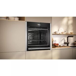 Le four encastrable NEFF B54CR71N3 N70 Airfry combine chaleur tournante performante et fonction AirFry pour des cuissons croustillantes et maîtrisées.
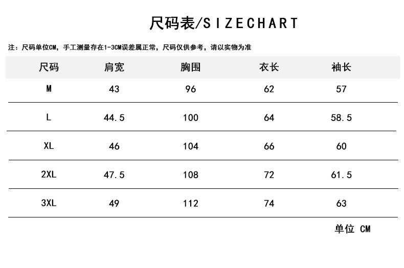 尺码 2XL 3XL L M XL
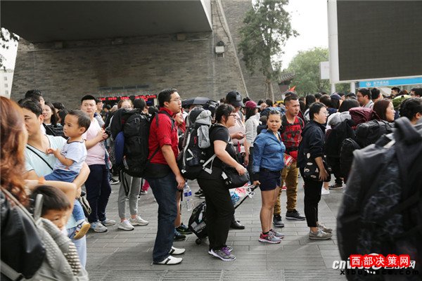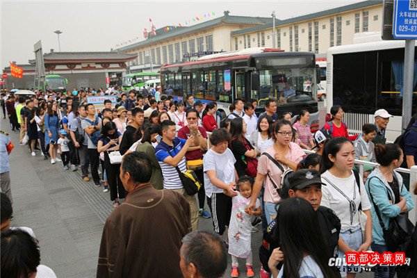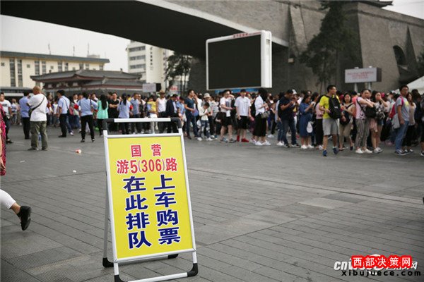 記者魏永賢10月4日,西安火車站廣場(chǎng)發(fā)往兵馬俑的游5(306)公交一輛接一輛無(wú)間隔發(fā)出,但等候上車的游客隊(duì)伍還是排了幾百米長(zhǎng),一名就要上車的游客說(shuō),他排了1個(gè)多小時(shí)。
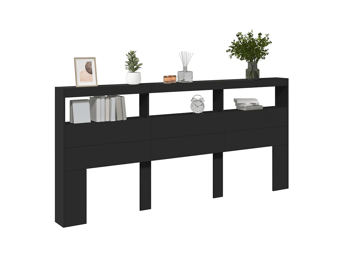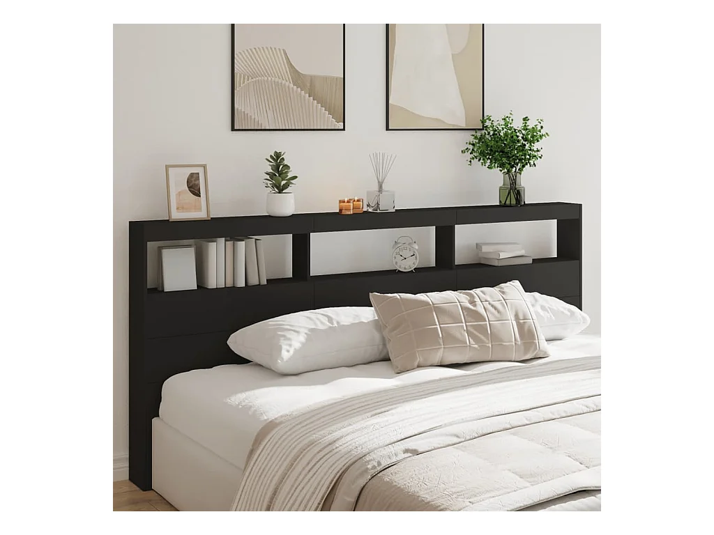 Armoire tête de lit avec LED noir 220x16,5x103,5 cm FR45457
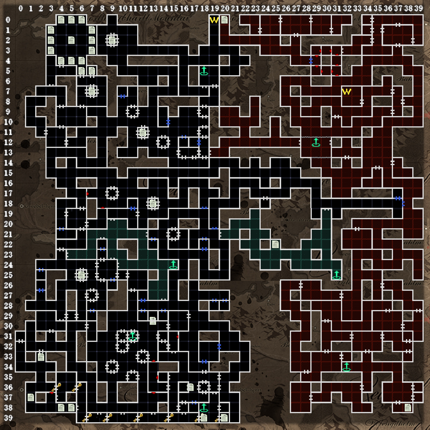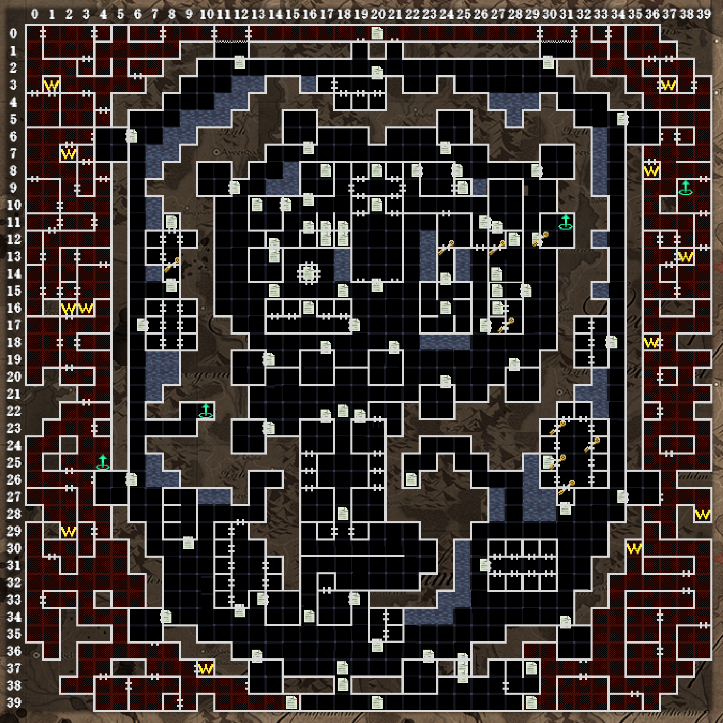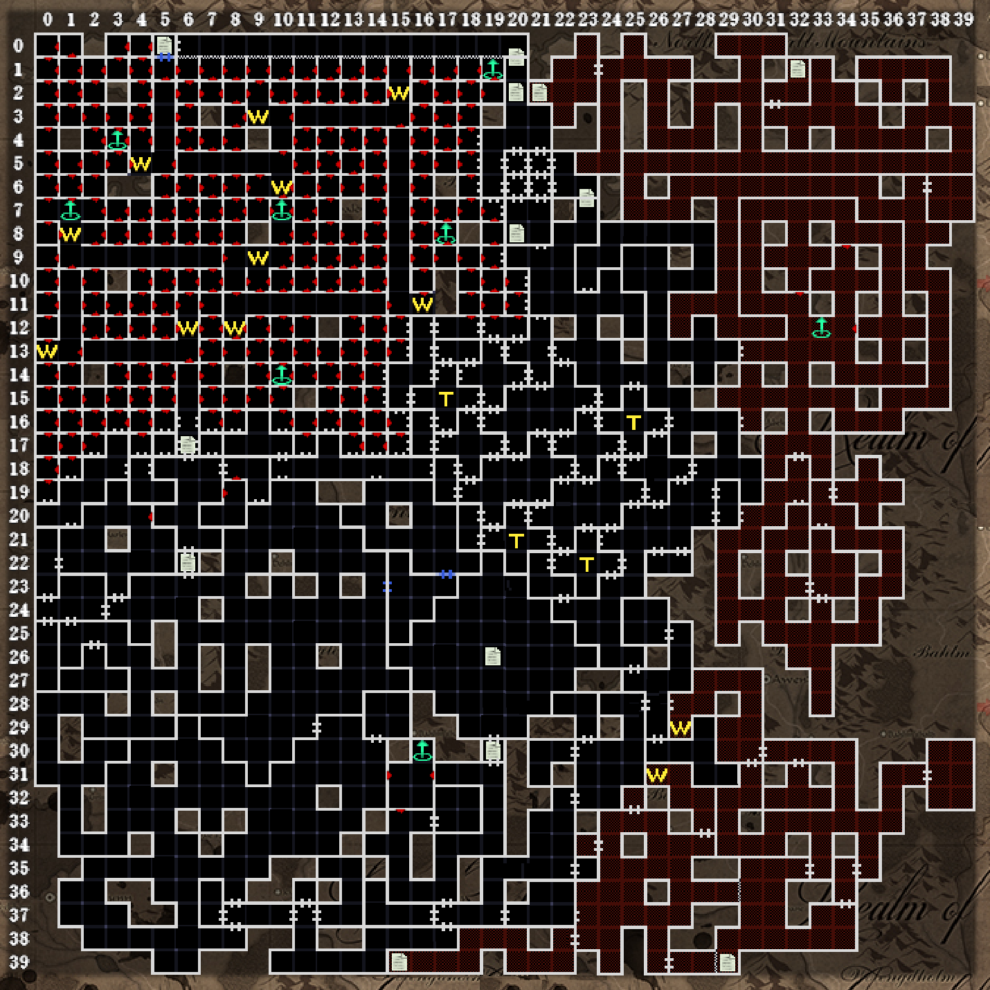 左上の迷いの葦原エリアは、シナリオ3+で探索します。(マップは見ないことを前提として)非常に抜けるのが大変なエリアですが、奈落B2F左上エリアの謎と、そこで手に入れたアイテムを(19.26)で使うことによって、抜け方のヒントが示されます。答えとしては、葦原入口(06.17)から北に4歩(4人の使徒)→西に5歩(5王)→…というように進めば、最短距離でゴール(05.00)にたどり着けます。
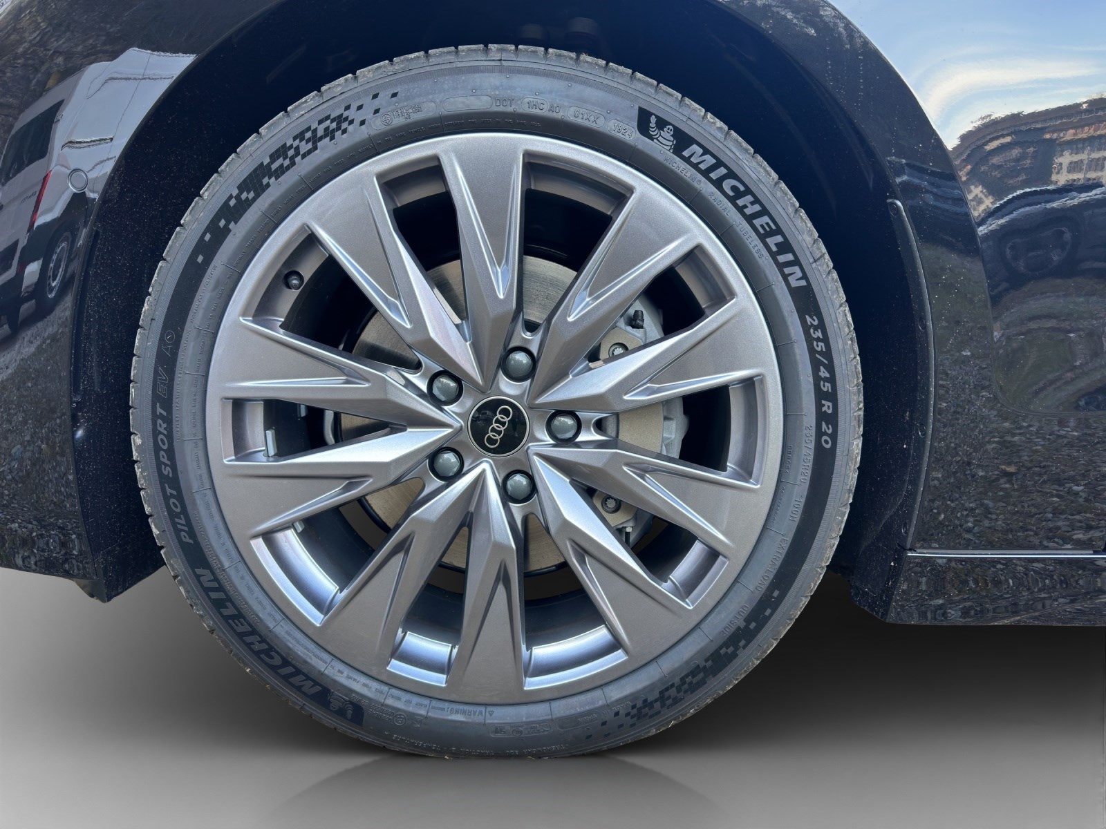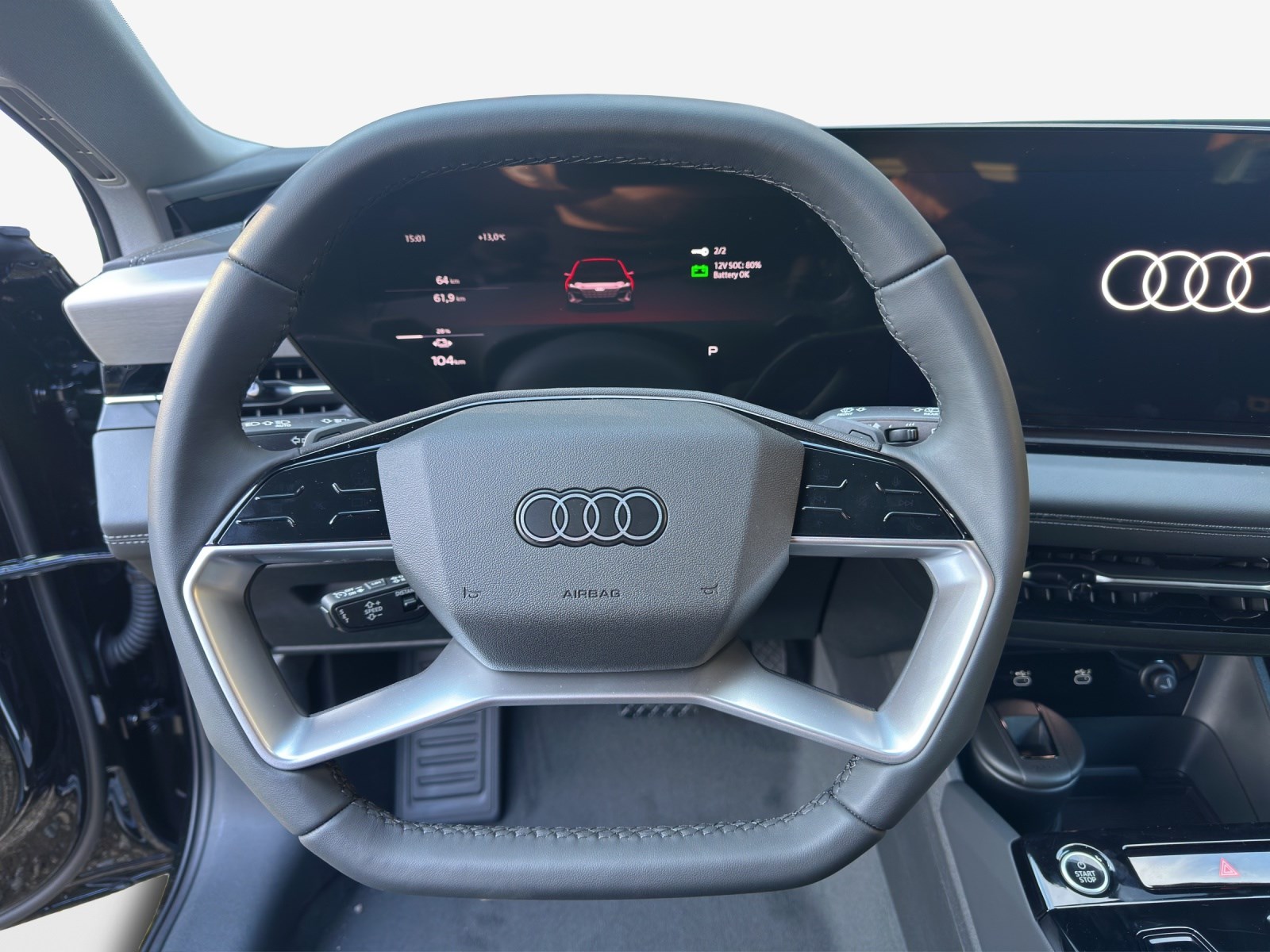 Airbag: Airbag Beifahrer deaktivierbar Airbag: Airbag Fahrer und Beifahrer Airbag: Seitenairbag vorn, mit Kopfairbag und Interaktionsairbag vorn Akustikverglasung Türscheiben vorn Akustisches Fahrzeug-Warnsystem Assist: Adaptiver Geschwindigkeitsassistent Assist: Aufmerksamkeits- und Müdigkeitserkennung Assist: Ausweichassistent und Abbiegeassistent Assist: Einparkhilfe plus mit Distanzanzeige Assist: Kamerabasierte Verkehrszeichenerkennung Assist: Kreuzungsassistent Assist: Notbremsassistent vorn Assist: Parkassistent plus Assist: Querverkehrassistent vorn Assist: Spurverlassenswarnung inkl. Notfallassistent Assist: Traktionskontrolle Assist: Verkehrszeichenbasierter Geschwindigkeitsbegrenzer Audi connect Notruf & Service mit Audi connect Remote & Control Audi virtual cockpit plus Aussenspiegel elektrisch einstell-, beheiz- und anklappbar, beidseitig automatisch abblendend Aussenspiegel in Wagenfarbe Dachhimmel Stoff, Farbe felsgrau Dekor: Dekoreinlage Aluminium matt gebürstet anthrazit Dekor: Instrumententafel-Oberseite schwarz mit Kontrastnaht Dekor: Interieurelemente oben und unten Kunstleder Einstiegsleisten mit Aluminiumeinlegern vorn Elektrische Fensterheber vorne Elektronisches Stabilitäts-Programm (ESP) Fahrwerk: Dynamikfahrwerk Fensterzierleisten Aluminiumoptik Fussmatten vorne und hinten Garantie: Audi Garantie 2 Jahre ohne Kilometerbegrenzung (ab 1. Inv.) Gepäckraumklappe elektrisch öffnend und schliessend Getriebe: Direktantrieb, kein Getriebe Innenspiegel automatisch abblendbar Interieur mit Normalsitzen, Stoff schwarz Klima: 3-Zonen-Klimatisierungsautomatik Klima: Automatische Umluftregelung Klima: Elektrische Luftzusatzheizung Komfortschlüssel ohne Safelock Lackierung: Uni-Lackierung Ladekabel Mode 3 für öffentliches Laden bis 22 kW Lenkrad: Doppelspeichen-Lederlenkrad mit Multifunktion Lenkrad: Lenkradapplikation Chromoptik Lenkrad: Lenkradeinstellung manuell Licht: LED-Scheinwerfer plus Licht: Projektionsleuchte in den Aussenspiegeln Licht: Tagesfahrlicht mit Assistenzfahrlicht u.Coming- u. Leaving-home Funktion automatisch Media: Audi Application Store und Smartphone-Interface Media: Audi connect Navigation & Infotainment Media: Digitaler Radioempfang Media: FOD Funktionen online verfügbar Media: MMI experience plus Media: USB-Schnittstellen mit erhöhter Ladeleistung Modellkennzeichnung am Heck On-board-Ladegerät bis 11 kW (AC) Paket: Ambiente Lichtpaket Paket: Assistenzpaket Fahren und Parken Räder: Reifendruck-Kontrollanzeige Räder: Reifenreparatur-Set (Tire Fit) Räder: Räder, 5-Arm-Dynamik, platingrau Scheinwerfer-Reinigungsanlage Schlüssel für Schliesssystem mit Fernbedienung Sitze: 4-Wege-Lendenwirbelstütze für die Vordersitze Sitze: Kindersitzbefestigung i-Size auf der Beifahrerseite und i-Size und Top Tether Sitze: Rücksitzbank ungeteilt, Lehne geteilt umlegbar (dreiteilig) mit Mittelarmlehne Sitze: Vordersitze heizbar Sitze: Vordersitze manuell einstellbar Telefonablage mit induktiver Ladefunktion Türen: Türgriffe in Wagenfarbe Verbandmaterial,Warndreieck und Warnveste Vorbereitung für Anhängevorrichtung Vorbereitung für intelligente Ladefunktionen Wegfahrsperre elektronisch Wärmeschutz- und Akustikverglasung Frontscheibe Zentralverriegelung mit Fernbedienung
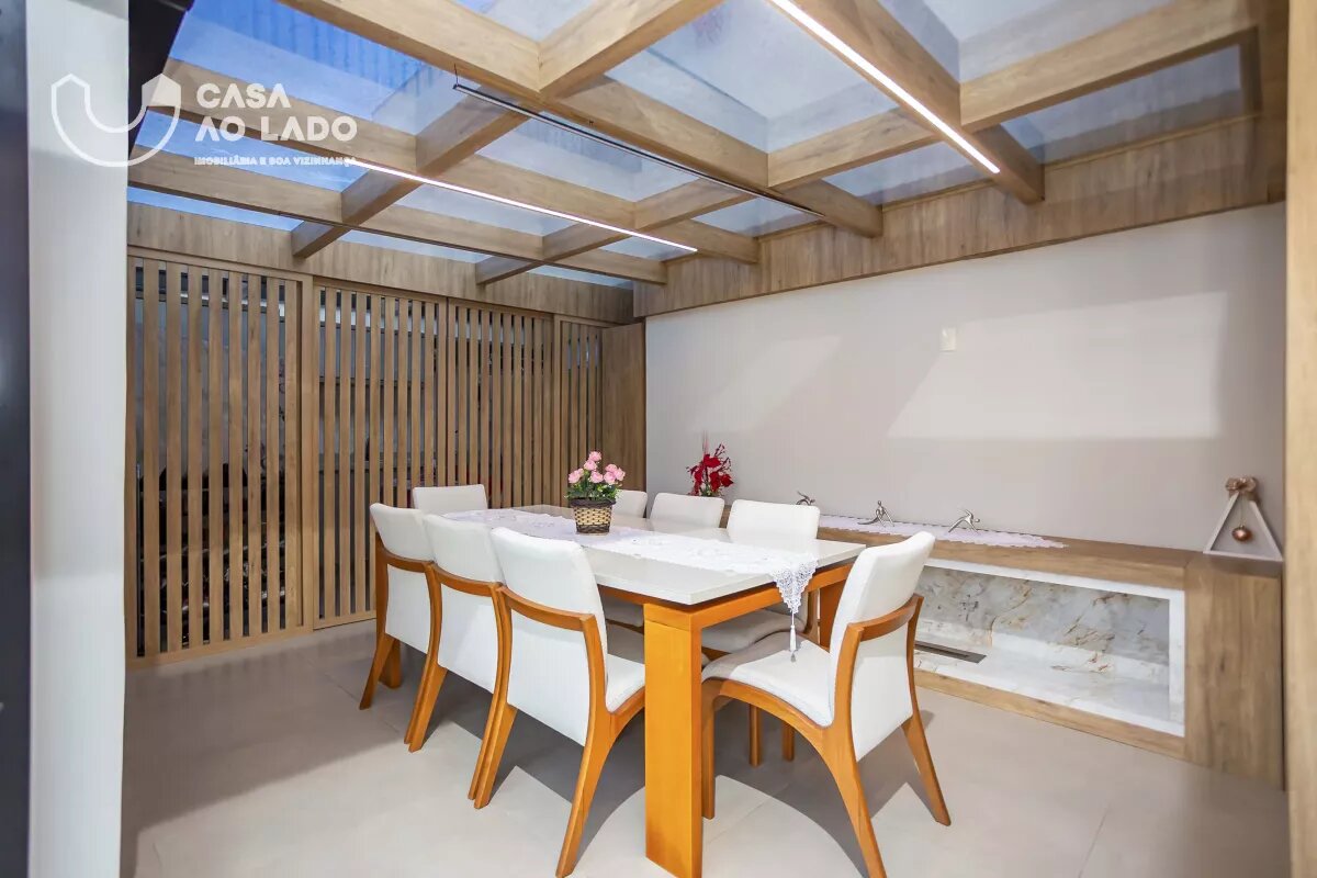 A área gourmet é um dos grandes destaques, equipada com cozinha com churrasqueira a carvão, ilha com cooktop a gás e espaço de refeição para até 4 pessoas. Conta ainda com uma sala de estar com rack e cristaleira, além de uma sala de jantar com lareira. O andar também oferece um banheiro completo, área de lavanderia separada com máquina lava e seca, armários e ótimo espaço de armazenamento. O fechamento em Reiki permite integrar os ambientes internos com a vista externa, tornando o espaço ainda mais aconchegante e versátil.

··········

## The task
Set down the material above word for word and skip its pictures.

## Answer to the problem
 Le four encastrable NEFF B54CR71N3 N70 Airfry combine chaleur tournante performante et fonction AirFry pour des cuissons croustillantes et maîtrisées.
 尺码 2XL 3XL L M XL
 記者魏永賢10月4日,西安火車站廣場(chǎng)發(fā)往兵馬俑的游5(306)公交一輛接一輛無(wú)間隔發(fā)出,但等候上車的游客隊(duì)伍還是排了幾百米長(zhǎng),一名就要上車的游客說(shuō),他排了1個(gè)多小時(shí)。
 Armoire tête de lit avec LED noir 220x16,5x103,5 cm FR45457
 左上の迷いの葦原エリアは、シナリオ3+で探索します。(マップは見ないことを前提として)非常に抜けるのが大変なエリアですが、奈落B2F左上エリアの謎と、そこで手に入れたアイテムを(19.26)で使うことによって、抜け方のヒントが示されます。答えとしては、葦原入口(06.17)から北に4歩(4人の使徒)→西に5歩(5王)→…というように進めば、最短距離でゴール(05.00)にたどり着けます。
 Airbag: Airbag Beifahrer deaktivierbar Airbag: Airbag Fahrer und Beifahrer Airbag: Seitenairbag vorn, mit Kopfairbag und Interaktionsairbag vorn Akustikverglasung Türscheiben vorn Akustisches Fahrzeug-Warnsystem Assist: Adaptiver Geschwindigkeitsassistent Assist: Aufmerksamkeits- und Müdigkeitserkennung Assist: Ausweichassistent und Abbiegeassistent Assist: Einparkhilfe plus mit Distanzanzeige Assist: Kamerabasierte Verkehrszeichenerkennung Assist: Kreuzungsassistent Assist: Notbremsassistent vorn Assist: Parkassistent plus Assist: Querverkehrassistent vorn Assist: Spurverlassenswarnung inkl. Notfallassistent Assist: Traktionskontrolle Assist: Verkehrszeichenbasierter Geschwindigkeitsbegrenzer Audi connect Notruf & Service mit Audi connect Remote & Control Audi virtual cockpit plus Aussenspiegel elektrisch einstell-, beheiz- und anklappbar, beidseitig automatisch abblendend Aussenspiegel in Wagenfarbe Dachhimmel Stoff, Farbe felsgrau Dekor: Dekoreinlage Aluminium matt gebürstet anthrazit Dekor: Instrumententafel-Oberseite schwarz mit Kontrastnaht Dekor: Interieurelemente oben und unten Kunstleder Einstiegsleisten mit Aluminiumeinlegern vorn Elektrische Fensterheber vorne Elektronisches Stabilitäts-Programm (ESP) Fahrwerk: Dynamikfahrwerk Fensterzierleisten Aluminiumoptik Fussmatten vorne und hinten Garantie: Audi Garantie 2 Jahre ohne Kilometerbegrenzung (ab 1. Inv.) Gepäckraumklappe elektrisch öffnend und schliessend Getriebe: Direktantrieb, kein Getriebe Innenspiegel automatisch abblendbar Interieur mit Normalsitzen, Stoff schwarz Klima: 3-Zonen-Klimatisierungsautomatik Klima: Automatische Umluftregelung Klima: Elektrische Luftzusatzheizung Komfortschlüssel ohne Safelock Lackierung: Uni-Lackierung Ladekabel Mode 3 für öffentliches Laden bis 22 kW Lenkrad: Doppelspeichen-Lederlenkrad mit Multifunktion Lenkrad: Lenkradapplikation Chromoptik Lenkrad: Lenkradeinstellung manuell Licht: LED-Scheinwerfer plus Licht: Projektionsleuchte in den Aussenspiegeln Licht: Tagesfahrlicht mit Assistenzfahrlicht u.Coming- u. Leaving-home Funktion automatisch Media: Audi Application Store und Smartphone-Interface Media: Audi connect Navigation & Infotainment Media: Digitaler Radioempfang Media: FOD Funktionen online verfügbar Media: MMI experience plus Media: USB-Schnittstellen mit erhöhter Ladeleistung Modellkennzeichnung am Heck On-board-Ladegerät bis 11 kW (AC) Paket: Ambiente Lichtpaket Paket: Assistenzpaket Fahren und Parken Räder: Reifendruck-Kontrollanzeige Räder: Reifenreparatur-Set (Tire Fit) Räder: Räder, 5-Arm-Dynamik, platingrau Scheinwerfer-Reinigungsanlage Schlüssel für Schliesssystem mit Fernbedienung Sitze: 4-Wege-Lendenwirbelstütze für die Vordersitze Sitze: Kindersitzbefestigung i-Size auf der Beifahrerseite und i-Size und Top Tether Sitze: Rücksitzbank ungeteilt, Lehne geteilt umlegbar (dreiteilig) mit Mittelarmlehne Sitze: Vordersitze heizbar Sitze: Vordersitze manuell einstellbar Telefonablage mit induktiver Ladefunktion Türen: Türgriffe in Wagenfarbe Verbandmaterial,Warndreieck und Warnveste Vorbereitung für Anhängevorrichtung Vorbereitung für intelligente Ladefunktionen Wegfahrsperre elektronisch Wärmeschutz- und Akustikverglasung Frontscheibe Zentralverriegelung mit Fernbedienung
 A área gourmet é um dos grandes destaques, equipada com cozinha com churrasqueira a carvão, ilha com cooktop a gás e espaço de refeição para até 4 pessoas. Conta ainda com uma sala de estar com rack e cristaleira, além de uma sala de jantar com lareira. O andar também oferece um banheiro completo, área de lavanderia separada com máquina lava e seca, armários e ótimo espaço de armazenamento. O fechamento em Reiki permite integrar os ambientes internos com a vista externa, tornando o espaço ainda mais aconchegante e versátil.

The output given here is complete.